Thanks for the tip. I will check my patches again.
 
> I hope it's obvious that I'm all for C++ conversion, but ...

its quite obvious that you are pro C++. My own feelings are quite
mixed. I must amid that the standard library is quite handy, at least
when it works. Debugging it is quite a pain. But the syntax sometimes
is unreadable, especially when you use those teplates containing
templates using types is different namespaces.
Furthermore i don't think that simply porting GDB to C++ solves its
major problem that there are no clear structures in code. Although it
could help if you not only port it one to one but restructure the code
while you work at it. But that would requires quite some work...

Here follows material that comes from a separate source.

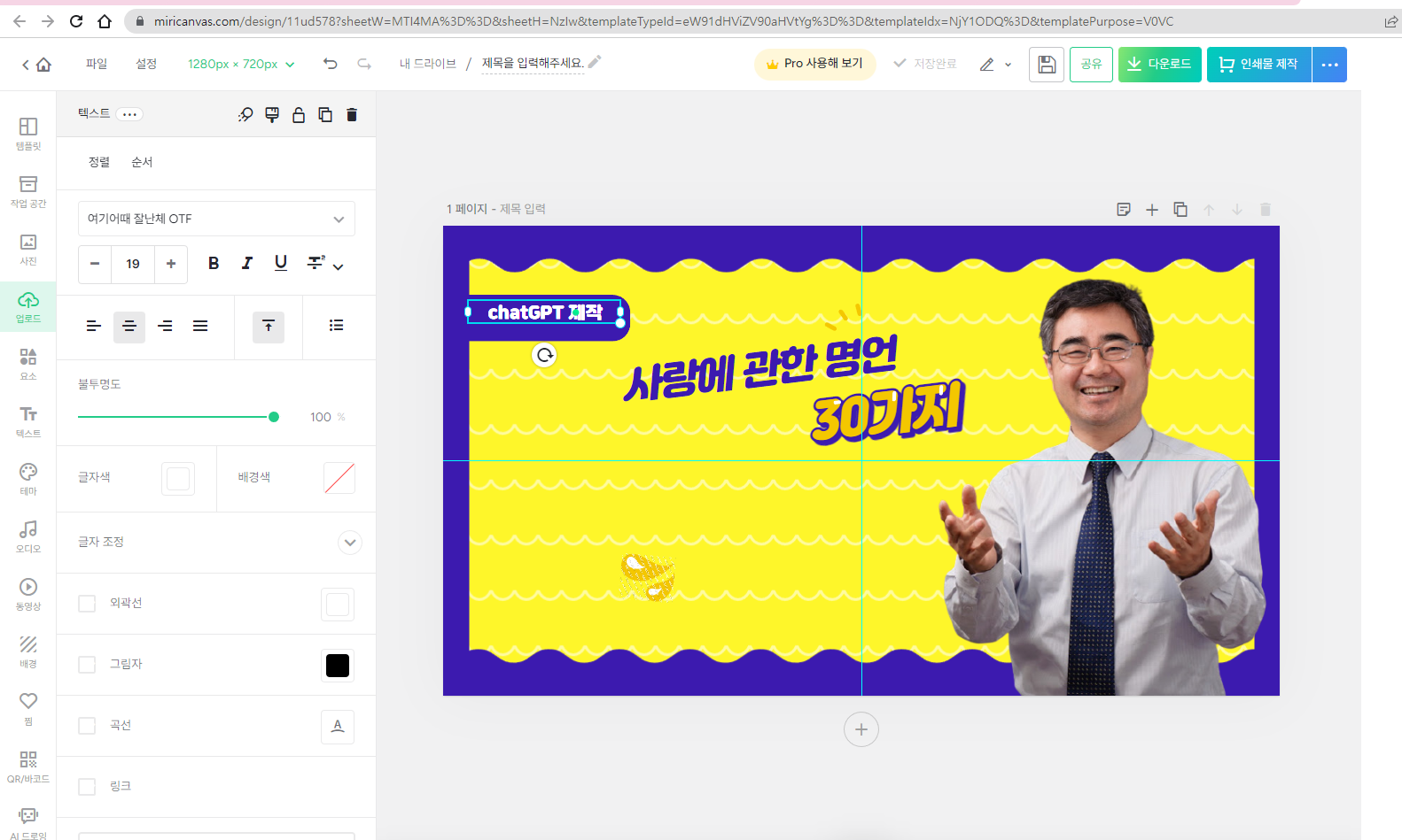 썸네일을 만들려면 "미리캔퍼스"에 로그인하고

> > Even when it costs performance.  
> 
> ... not at any cost.  startswith _is_ used in performance
> critical paths.
>
> BTW, I've been thinking that we may want to add our version
> of C++17 std::string_view to avoid these kinds of problems.

As much as i know about C++ this sounds like a good idea.

Thanks
Philipp
  
Pedro Alves Jan. 12, 2017, 3:42 p.m. UTC | #5
On 01/12/2017 03:08 PM, Philipp Rudo wrote:
> its quite obvious that you are pro C++. My own feelings are quite
> mixed. I must amid that the standard library is quite handy, at least
> when it works. Debugging it is quite a pain.

There's definitely lots of scope for making C++ debugging less painful.
I think 2017 will see good advancements here.  For example, with the
palves/cp-linespec branch on my github, setting breakpoints in C++ methods
is soooooo much easier, mainly because I've made linespec tab completion
Just Work.  The whole "compile" feature for C++ (making use of g++ for
the parsing, via the libcc1 plugin) should be making it upstream this year.
Etc.

Keep in mind that a significant (if not the largest) chunk of
our users is using GDB to debug their C++ code too.  So in a sense,
any pain we now may feel, a good chunk of our users have been feeling
for a long while.  We just hadn't been dogfooding.

> But the syntax sometimes
> is unreadable, especially when you use those teplates containing
> templates using types is different namespaces.

OTOH, stepping through C code that emulates templates using
C #defines OTOH is just plain impossible, since all of it
is compiled down to a single source line...  So in that sense,
I think debugging C++ is better than C here.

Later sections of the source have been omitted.